The graph is crappy - I couldn't get Numbers to behave - sorry, but c'est la vie. (Click image for larger)
If you want the data yourself in spreadsheet form mail me. -
Atlas CBS Server
We have set up a server for some of the ligand efficiency mapping work of Cele Abad-Zapatero and colleagues. The AtlasCBS server is at https://wwwdev.ebi.ac.uk/chembl/atlascbs/intro.jsp - note this is on our dev server, so if some of the links out are goofy, or look different, check the url!
The site and work is pretty well documented, so go on, have an explore - and any feedback you may have, leave a comment to this blog posting. -
Data Integration - The Ontogeny of Chemical Data
It is great to be able to perform confederated queries across data sources, really great.

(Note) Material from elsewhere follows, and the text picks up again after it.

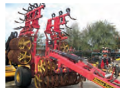
2011 VADERSTAD Rexius Twin 4.5m Press, c/w levelling boards, raptor tines, VGC £30,000 RL

The greatness of this leads to the development of common representational and access standards (things like MIABE, InChI, and PSIQUIC, as examples that we are involved in ourselves). This ability to take data out of silos and share has arguably been one of the defining elements of science in the last ten years, and the generalisation of this data sharing and representation via semantic web technologies may become one of the defining features of the next decade. One of the issues though is that of data provenance, and primacy, and this is an issue that we have started to think about, and plan for in our own data integration efforts.
Data enters the 'system' somewhere in a 'database'; and these bundles are then 'licensed' to the community. The licenses may be silent, ambiguous, as clear-as-a-bell, shockingly unacceptable, or whatever - and there is a clear need for standardisation of licenses, or at the very least the requirement that license terms are freely available on the resource web site.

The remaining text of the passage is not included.